[[ Task input, beginning ]]

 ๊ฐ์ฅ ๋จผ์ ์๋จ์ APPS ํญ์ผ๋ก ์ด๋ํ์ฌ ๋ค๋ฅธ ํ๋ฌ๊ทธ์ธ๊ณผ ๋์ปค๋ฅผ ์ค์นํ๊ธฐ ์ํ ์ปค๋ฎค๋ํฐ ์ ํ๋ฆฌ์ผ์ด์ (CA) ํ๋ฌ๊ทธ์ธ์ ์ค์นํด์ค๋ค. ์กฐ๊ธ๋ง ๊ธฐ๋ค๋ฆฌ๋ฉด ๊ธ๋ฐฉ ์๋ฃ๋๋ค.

[[ Task input, end ]]
[[ Task input, beginning ]]

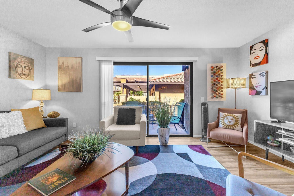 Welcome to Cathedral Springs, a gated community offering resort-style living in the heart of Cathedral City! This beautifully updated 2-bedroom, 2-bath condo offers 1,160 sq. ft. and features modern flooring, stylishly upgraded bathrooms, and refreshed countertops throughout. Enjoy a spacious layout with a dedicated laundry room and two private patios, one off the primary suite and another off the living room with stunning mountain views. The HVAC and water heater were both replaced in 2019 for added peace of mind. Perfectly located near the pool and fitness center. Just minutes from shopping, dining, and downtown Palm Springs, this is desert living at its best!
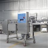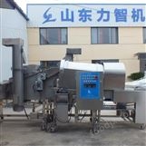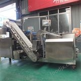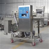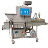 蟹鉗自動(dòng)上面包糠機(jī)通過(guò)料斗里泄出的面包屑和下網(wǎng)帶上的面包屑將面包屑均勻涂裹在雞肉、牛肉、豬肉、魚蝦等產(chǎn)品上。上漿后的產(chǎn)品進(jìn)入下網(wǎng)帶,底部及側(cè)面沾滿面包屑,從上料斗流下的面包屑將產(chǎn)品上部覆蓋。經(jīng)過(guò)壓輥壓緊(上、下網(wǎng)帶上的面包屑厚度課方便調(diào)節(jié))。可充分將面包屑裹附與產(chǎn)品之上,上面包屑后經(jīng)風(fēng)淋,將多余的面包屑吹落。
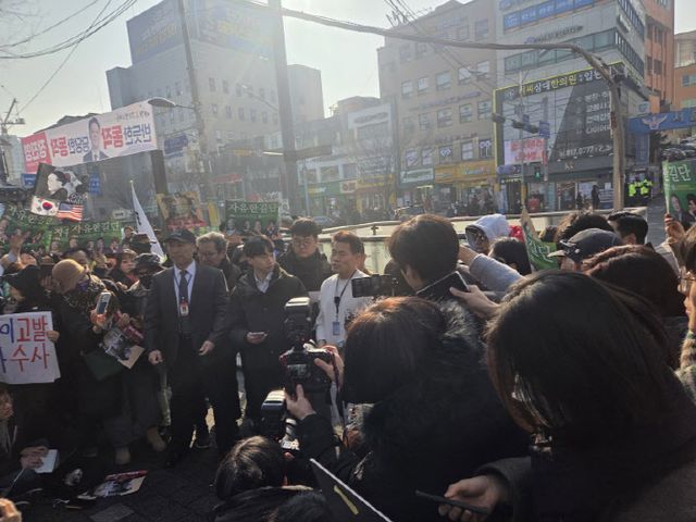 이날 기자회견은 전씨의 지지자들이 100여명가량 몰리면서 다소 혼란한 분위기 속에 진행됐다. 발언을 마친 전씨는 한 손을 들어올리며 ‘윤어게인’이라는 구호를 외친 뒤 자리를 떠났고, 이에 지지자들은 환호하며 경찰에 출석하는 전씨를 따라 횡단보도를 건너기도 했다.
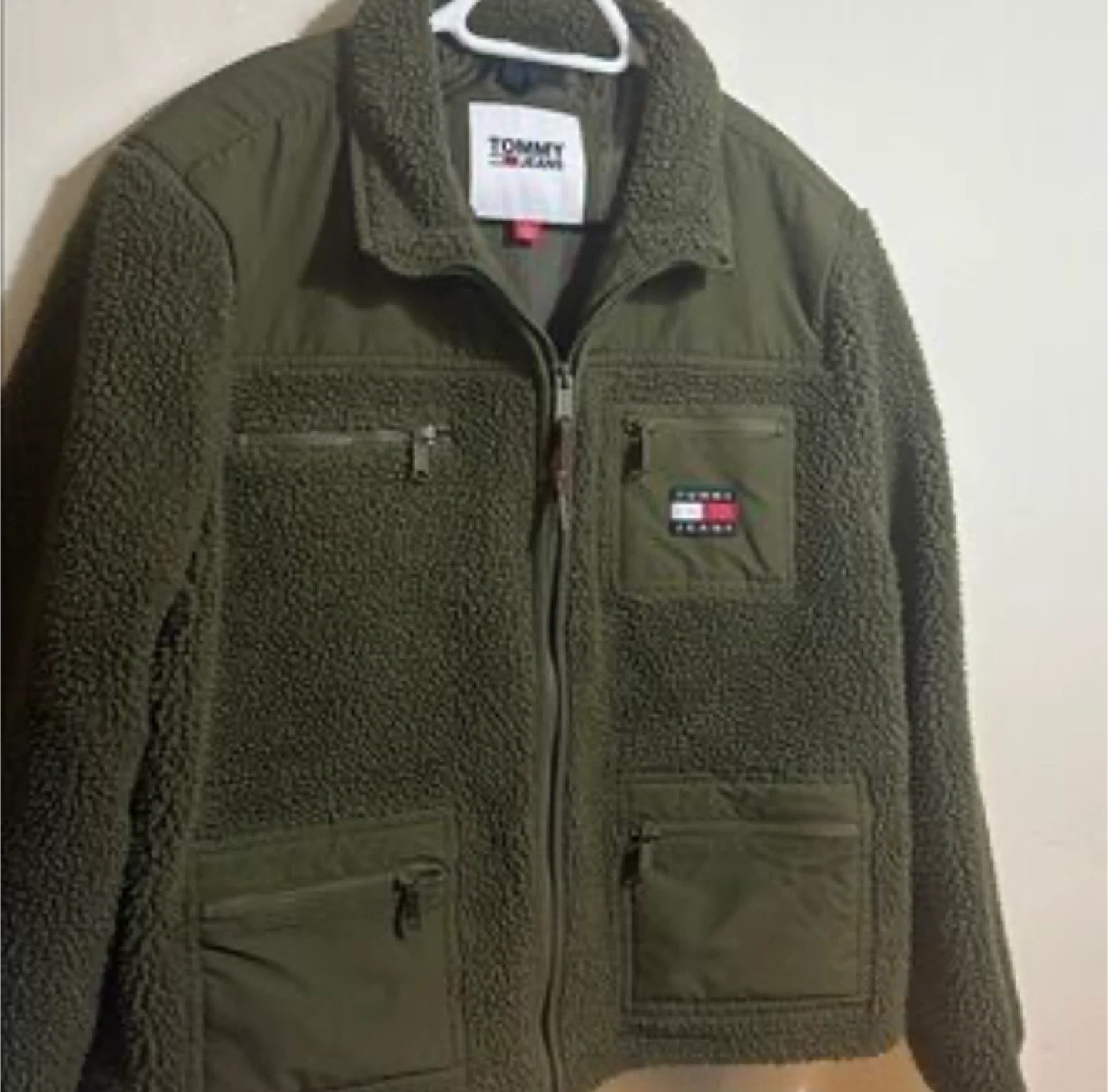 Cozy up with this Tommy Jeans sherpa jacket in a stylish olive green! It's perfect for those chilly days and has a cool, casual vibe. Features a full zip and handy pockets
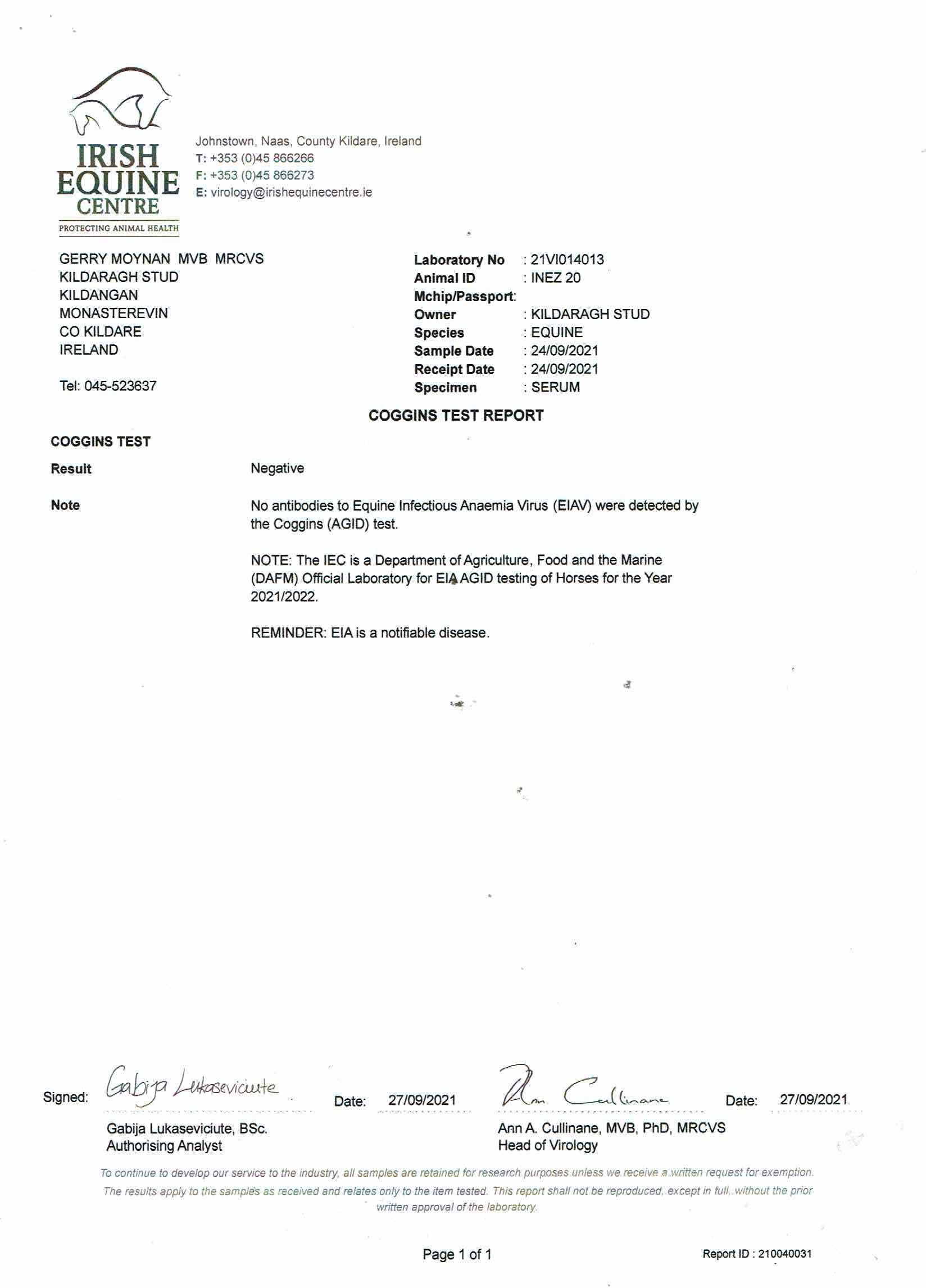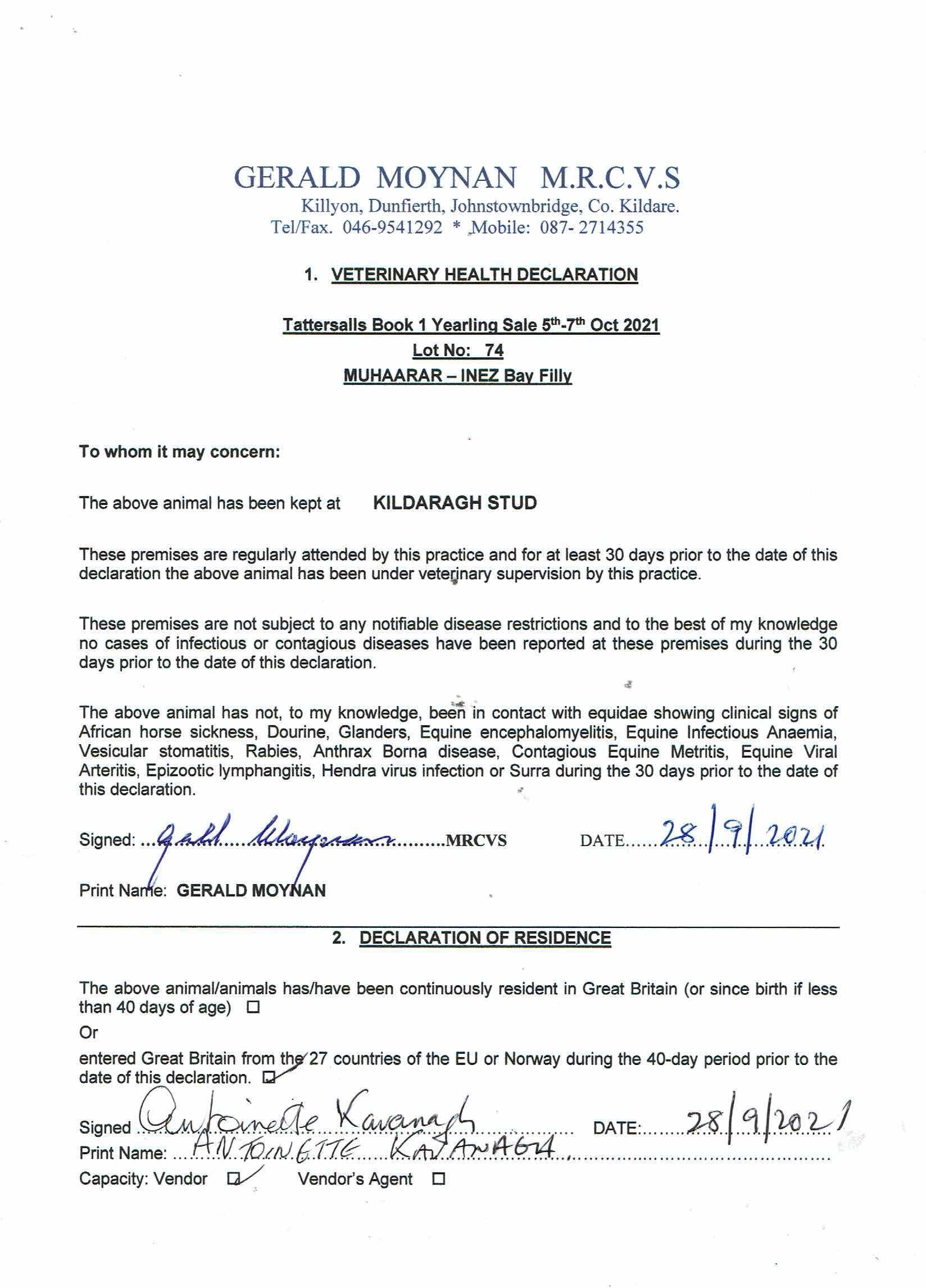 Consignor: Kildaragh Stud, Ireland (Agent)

[[ Task input, end ]]

» **Exercise**
Output exactly the lines above, from the line with "蟹鉗自動(dòng)上面包糠" to the line with "Consignor: Kildaragh Stud, Ireland (Agent)", both included; skip the pictures.

» **Reply**
 蟹鉗自動(dòng)上面包糠機(jī)通過(guò)料斗里泄出的面包屑和下網(wǎng)帶上的面包屑將面包屑均勻涂裹在雞肉、牛肉、豬肉、魚蝦等產(chǎn)品上。上漿后的產(chǎn)品進(jìn)入下網(wǎng)帶,底部及側(cè)面沾滿面包屑,從上料斗流下的面包屑將產(chǎn)品上部覆蓋。經(jīng)過(guò)壓輥壓緊(上、下網(wǎng)帶上的面包屑厚度課方便調(diào)節(jié))。可充分將面包屑裹附與產(chǎn)品之上,上面包屑后經(jīng)風(fēng)淋,將多余的面包屑吹落。
 이날 기자회견은 전씨의 지지자들이 100여명가량 몰리면서 다소 혼란한 분위기 속에 진행됐다. 발언을 마친 전씨는 한 손을 들어올리며 ‘윤어게인’이라는 구호를 외친 뒤 자리를 떠났고, 이에 지지자들은 환호하며 경찰에 출석하는 전씨를 따라 횡단보도를 건너기도 했다.
 Cozy up with this Tommy Jeans sherpa jacket in a stylish olive green! It's perfect for those chilly days and has a cool, casual vibe. Features a full zip and handy pockets
 Consignor: Kildaragh Stud, Ireland (Agent)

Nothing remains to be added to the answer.